◆ **Data entries**
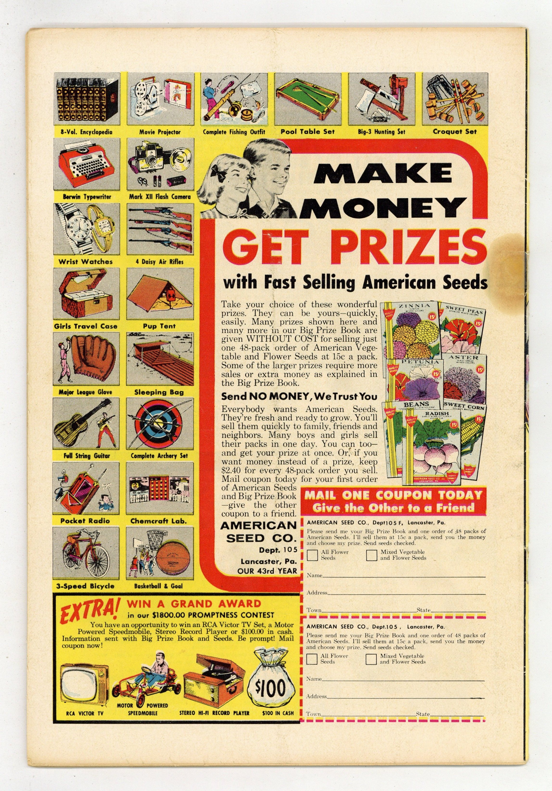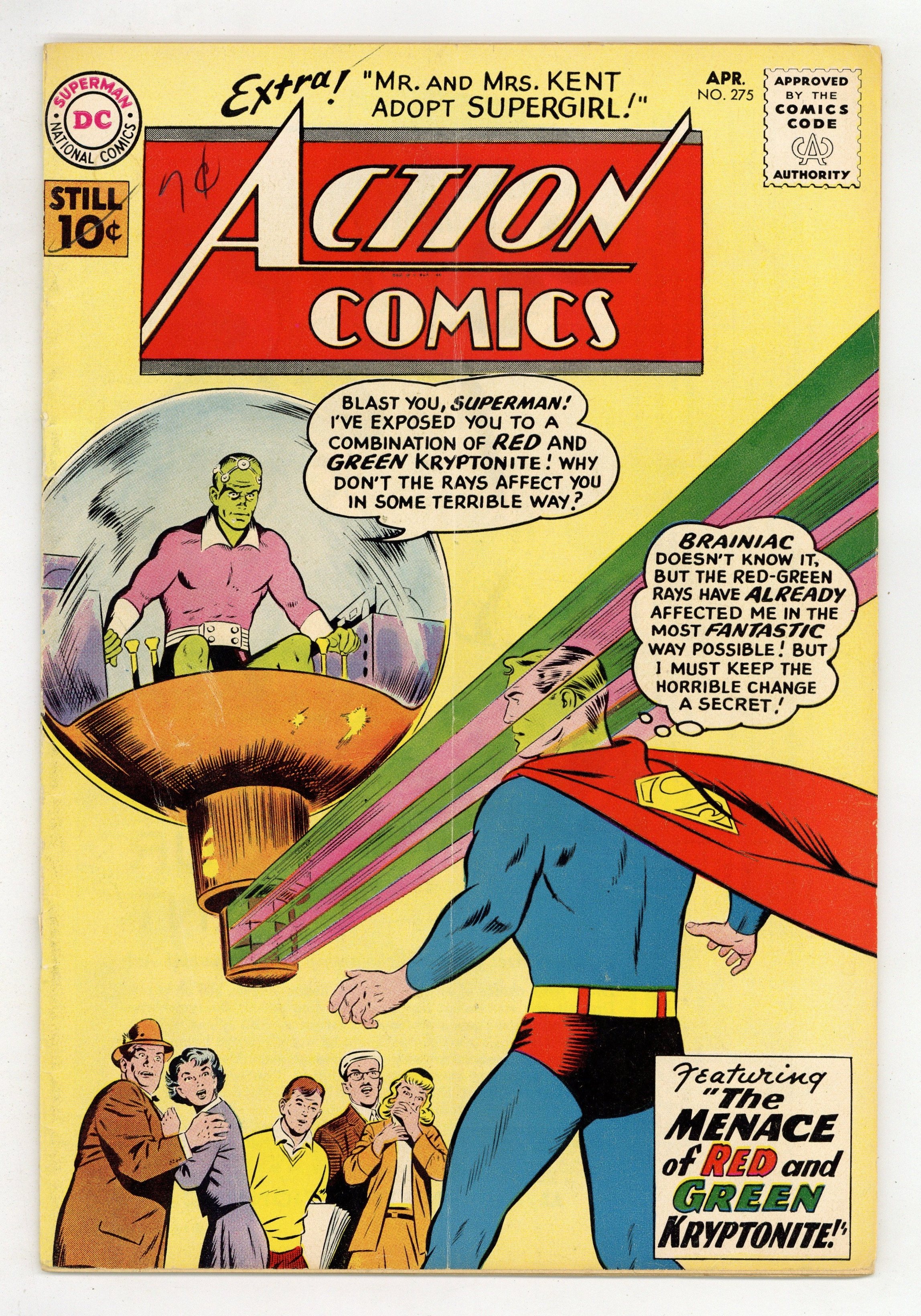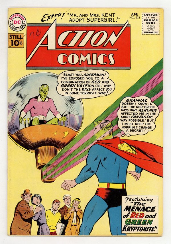 Cover pencils by Curt Swan, inks by Stan Kaye. "The Menace of Red-Green Kryptonite!", script by Jerry Coleman, pencils by Wayne Boring, inks by Stan Kaye; Brainiac travels to Earth to steal some aluminum and also to test his new ray on Superman, a ray which is combined Red and Green Kryptonite; The new ray makes Superman act strangely, forcing him to always wear a hat while performing super deeds. One-page Buck Skinner story by Henry Boltinoff. "Ma and Pa Kent Adopt Supergirl!", script by Jerry Siegel, art by Jim Mooney; Supergirl has a dream where she is sent to Earth in a rocket and is adopted by the Kents rather than her cousin being the one first sent to Earth. One-page Ollie story by Henry Boltinoff. 36 Pages, Full Color. $.10 Cover price $0.10. Grade: GD+ 2.5 explanation of grade Condition: Used (collectible)
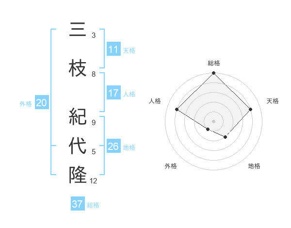三枝 紀代隆さんを姓名の画数から五運を鑑定
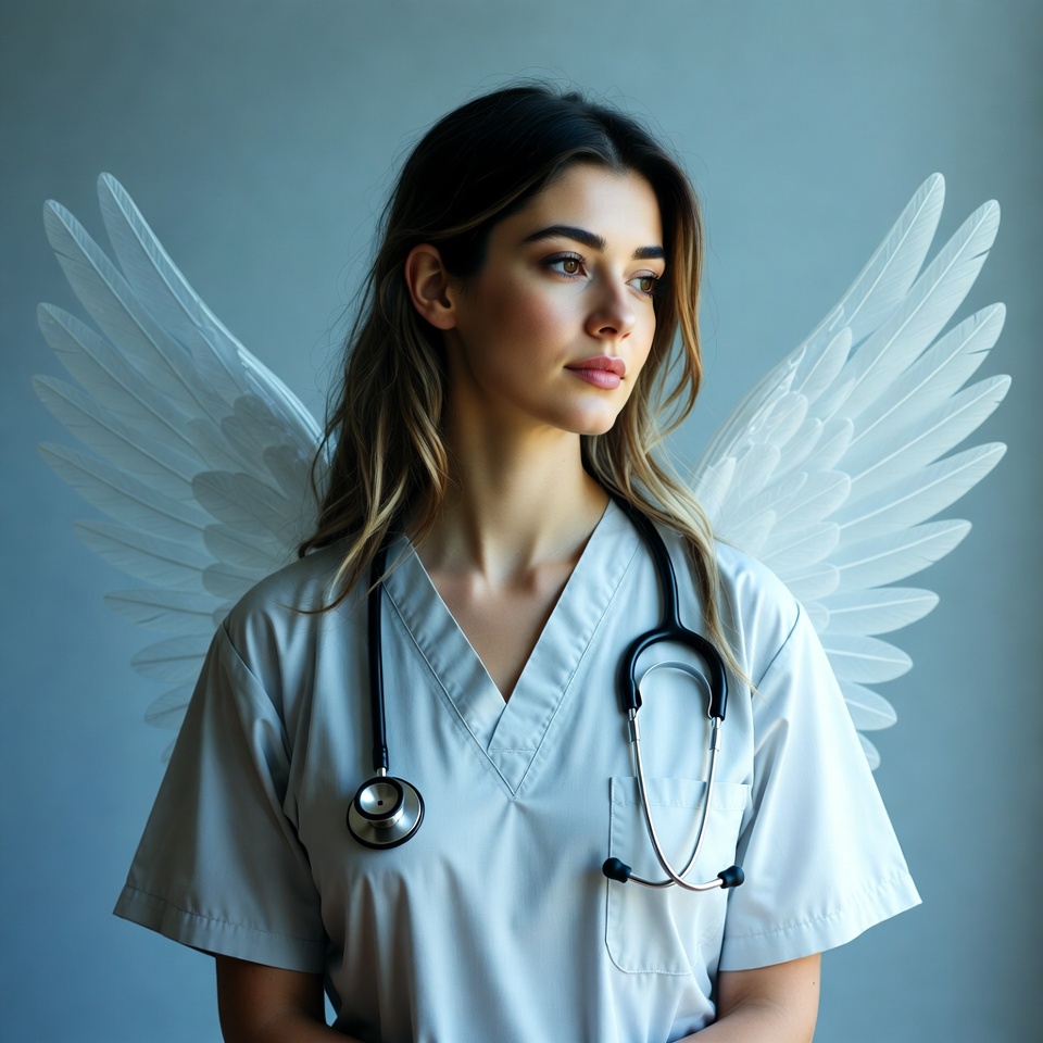 A nurse stands with wings behind her, wearing scrubs and a stethoscope. She looks serious and focused in an indoor setting.
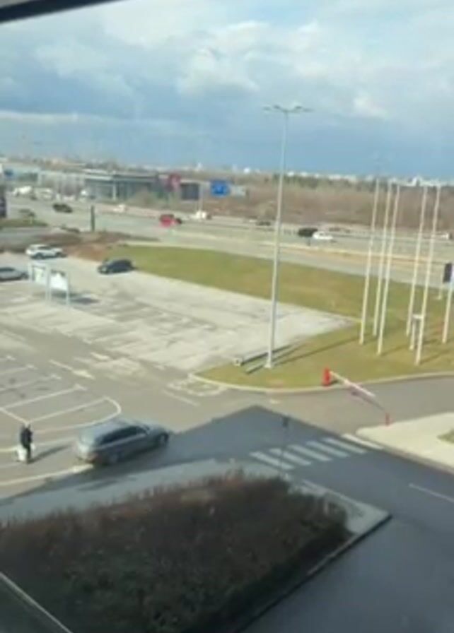 view from a window overlooking a parking lot and a highway. A person is walking across the parking lot towards a grey car. The parking lot has several empty parking spaces marked with white lines. Beyond the parking lot, there is a multi-lane highway with cars moving in both directions. There are streetlights and tall white poles along the edge of the parking lot. A red and white barrier arm is partially raised near a pedestrian crosswalk. The sky is cloudy with patches of blue. In the distance, there appear to be industrial structures or cranes.
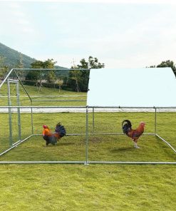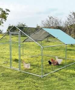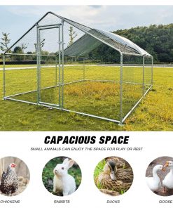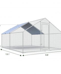 Farmhouse 13-ft x 10-ft Metal Wire Mesh Chicken Coop Run Pen Outdoor with Waterproof Cover. Durable metal chicken coop made of a high-quality stainless steel pipe frame using modern galvanizing technology. Perfect backyard cage for chickens, rabbits, ducks, geese. Durable and fit for outdoor use. There is no need to worry about rust. Includes a waterproof UV Cover made of 210-D UV-resistant Oxford cloth to protect your chickens from bad weather. A-frame peak roof design can effectively prevent rain, snow or debris accumulation on the roof. The wall of the chicken coop is made of PVC coated hexagonal wire mesh, It ensures that the poultry will not escape from the coop, while the small gaps between meshes add some safety to your poultry and prevent them from some predators.
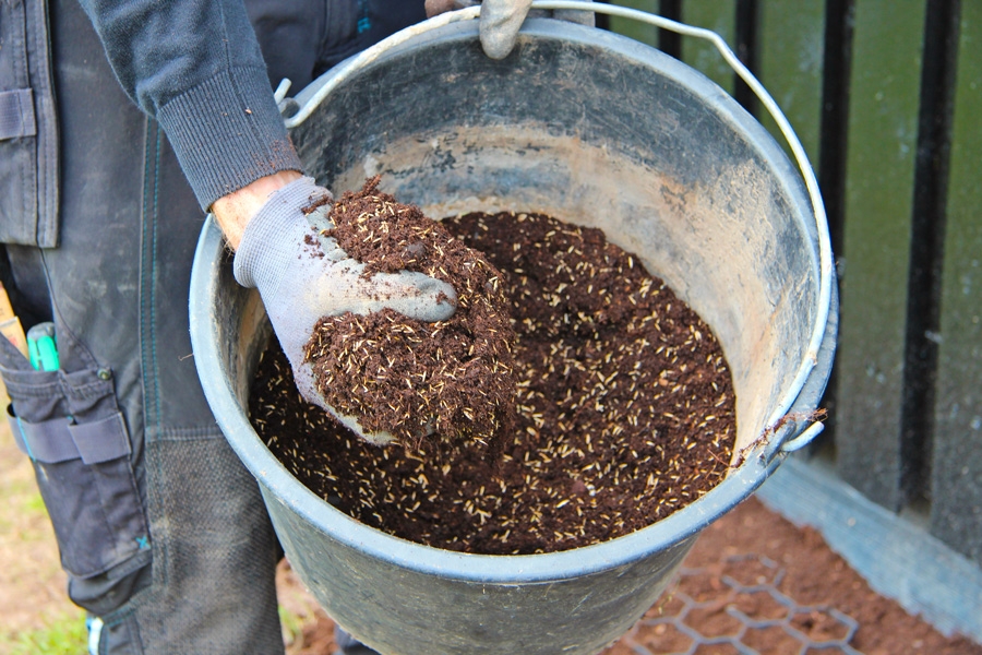 Levitä mursketta noin 10 senttiä paksu kerros ja sekoita siihen multaa suhteessa 3:1. Haravoi ja huuhtele multa kivien väliin ja tiivistä kerros tärylevyllä eli lätkällä. Lisää mursketta ja multaa kerroksittain, mutta jätä pinnalle 10 senttiä tilaa ruohokennoille.
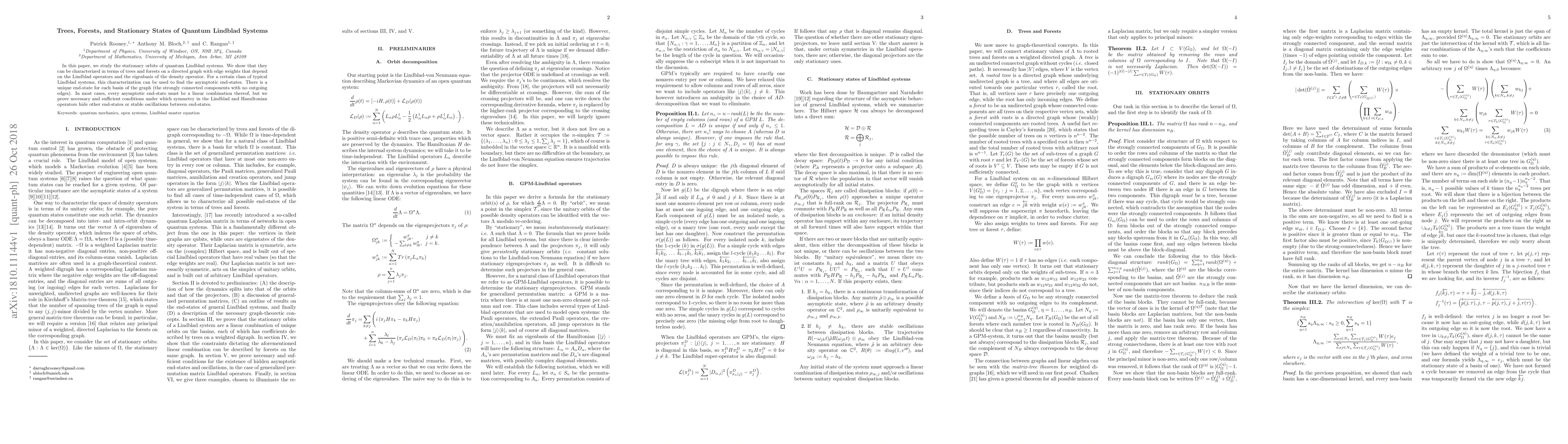 This paper explores the stationary states of quantum Lindblad systems, revealing that they can be represented by trees and forests on a directed graph. It identifies unique end-states for each basin of the graph, with additional conditions proving the existence of hidden end-states or oscillations due to symmetries in the system's operators.
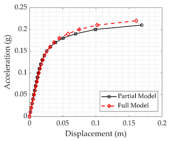 A two-step loading protocol was followed during the pushover analysis. Initially, the computational models were brought into a state of equilibrium under the gravity loads. Then, both models (full and partial) were subjected to forces (i.e., towards the out-of-plane direction of the aqueducts, denoted as the z-axis in Figure 6) proportional to the mass by exerting lateral acceleration with 0.01 g increments. The results of the pushover analyses were compared in terms of deformation and the corresponding damage patterns. The displacements were monitored from the most deflected block at the upper edge of the structure during the analysis. No discrepancies between the pushover curves in the elastic regime were noted, as shown in Figure 7. The difference between the two curves became noticeable towards the failure, but remained less than 5%, and 0.22 and 0.21 g seismic capacities were obtained for the full and partial models, respectively. Thus, the results indicate a similar acceleration versus displacement behavior between the two models.

◆ **PROMPT**
With the pictures omitted, set down each line exactly, starting at the first line of the records above and ending with the line that contains "view from a".

◆ **RESULT**
 Cover pencils by Curt Swan, inks by Stan Kaye. "The Menace of Red-Green Kryptonite!", script by Jerry Coleman, pencils by Wayne Boring, inks by Stan Kaye; Brainiac travels to Earth to steal some aluminum and also to test his new ray on Superman, a ray which is combined Red and Green Kryptonite; The new ray makes Superman act strangely, forcing him to always wear a hat while performing super deeds. One-page Buck Skinner story by Henry Boltinoff. "Ma and Pa Kent Adopt Supergirl!", script by Jerry Siegel, art by Jim Mooney; Supergirl has a dream where she is sent to Earth in a rocket and is adopted by the Kents rather than her cousin being the one first sent to Earth. One-page Ollie story by Henry Boltinoff. 36 Pages, Full Color. $.10 Cover price $0.10. Grade: GD+ 2.5 explanation of grade Condition: Used (collectible)
三枝 紀代隆さんを姓名の画数から五運を鑑定
 A nurse stands with wings behind her, wearing scrubs and a stethoscope. She looks serious and focused in an indoor setting.
 view from a window overlooking a parking lot and a highway. A person is walking across the parking lot towards a grey car. The parking lot has several empty parking spaces marked with white lines. Beyond the parking lot, there is a multi-lane highway with cars moving in both directions. There are streetlights and tall white poles along the edge of the parking lot. A red and white barrier arm is partially raised near a pedestrian crosswalk. The sky is cloudy with patches of blue. In the distance, there appear to be industrial structures or cranes.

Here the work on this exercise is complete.